How to Design Forex Trading Plans and Rules

Just about every consistently profitable forex trader uses a trade plan and follows it in a disciplined way. Accordingly, this successful trading mindset represents a key forex trading guide post that you will want to emulate as you grow as a forex trader.

Many profitable traders use relatively simple technical analysis techniques and rules that they incorporate into their trading plan. Perhaps they might observe classic chart patterns in the process of forming, or they might look for trading signals on various technical indicators.

Initial Trading Plan Preparation

Novice forex traders will probably want to either obtain some mentoring or a trading system from a more experienced trader to get a sense for how such trading plans should operate in practice.

They might also benefit from studying technical analysis and how it can help you generate trading signals and set take profit and stop loss levels. Some traders also perform a fundamental analysis review or have a plan for trading the volatility that commonly occurs over major news releases or at the market opening.

Once you understand the basics of how the forex market works and how to generate trading signals, coming up with a forex trading plan can actually be quite a simple initial process.

You can also later refine your plan after developing some more experience with operating under a trading plan and have the opportunity to see where problems might arise.

The main characteristic that you will want to achieve with your trade plan will be an objective way to trade the forex market that will help you remove the emotional element from your trading activities.

Elements of a Basic Forex Trading Plan
You will first want to set up a number of clear and objective rules in your trading plan that you intend to operate under when trading. Ideally, these rules should tell you:

(1) What observables to watch for trading signals.

(2) When to get into the market.

(3) When to exit the market at either a profit or a loss.

(4) How large your trading positions should be.

The plan does not have to be complex, and you may find it considerably easier to maintain discipline and execute the trading plan if it has relatively simple rules.
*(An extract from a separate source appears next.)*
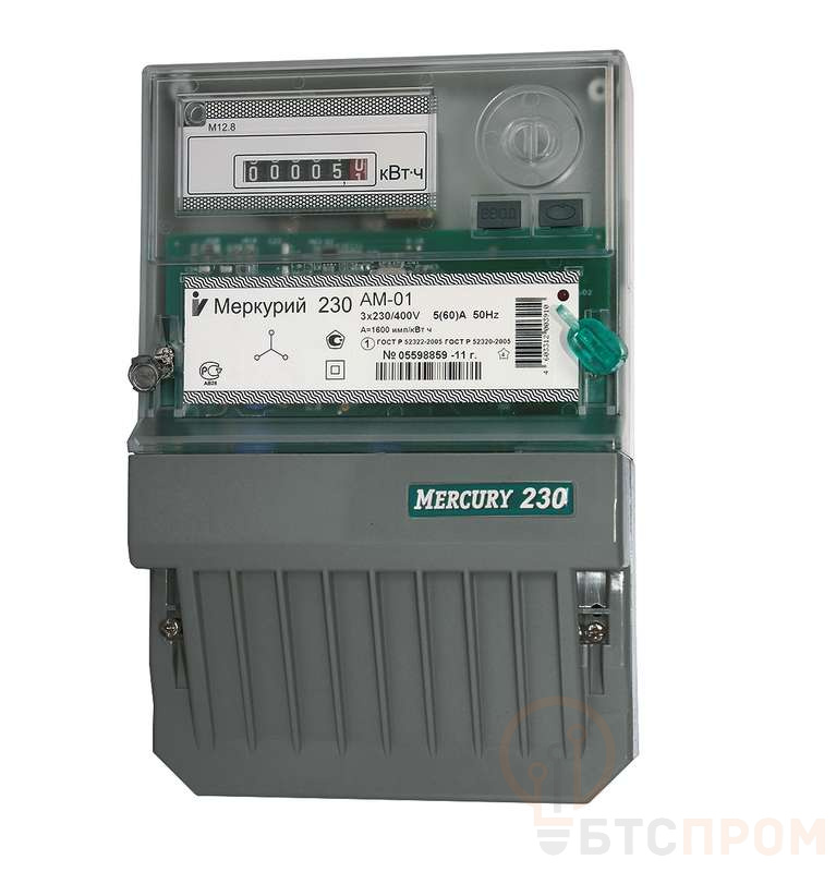 Счетчик Меркурий 230 AM-01 — это современный трехфазный прибор учета активной электроэнергии, предназначенный для работы в трехпроводных и четырехпроводных сетях переменного тока. Устройство обладает высоким классом точности 1.0, что обеспечивает надежный и достоверный контроль потребления энергии. Номинальный ток составляет 5-60 А, что делает счетчик универсальным для применения в различных объектах.

Of course, you will want to write down each one of your trading plan rules in detail to provide you with something to refer to when you are trading. Many traders use a decision tree schematic diagram incorporating their trading plan's rules to assist them in making prompt decisions.

Time is Money When Trading Forex
Time really is money when it comes to trading forex, so you will need to be fully prepared to understand your trading plan's signals and execute them quickly when they arise.

Since the forex market often moves quickly, the importance of being able to make decisions rapidly cannot be overemphasized. You will basically need to be able to pull the trigger on any trade that your system signals as soon as possible in order to avoid missing valuable trading opportunities.

Many traders use a decision tree schematic diagram incorporating their trading plan's rules to assist them in making prompt trading decisions.

Money Management Considerations
Certainly, developing clear and objective trading signals is going to be an important part of your trading plan.

Nevertheless, another key part of your trading plan will need to involve having an appropriate position-sizing methodology and a sound risk-management strategy to keep losses at a minimum so that you can survive a losing trade to trade another day.

These important money management considerations need to form a part of just about any trading plan for it to have the potential for creating long term profitability for your trading portfolio.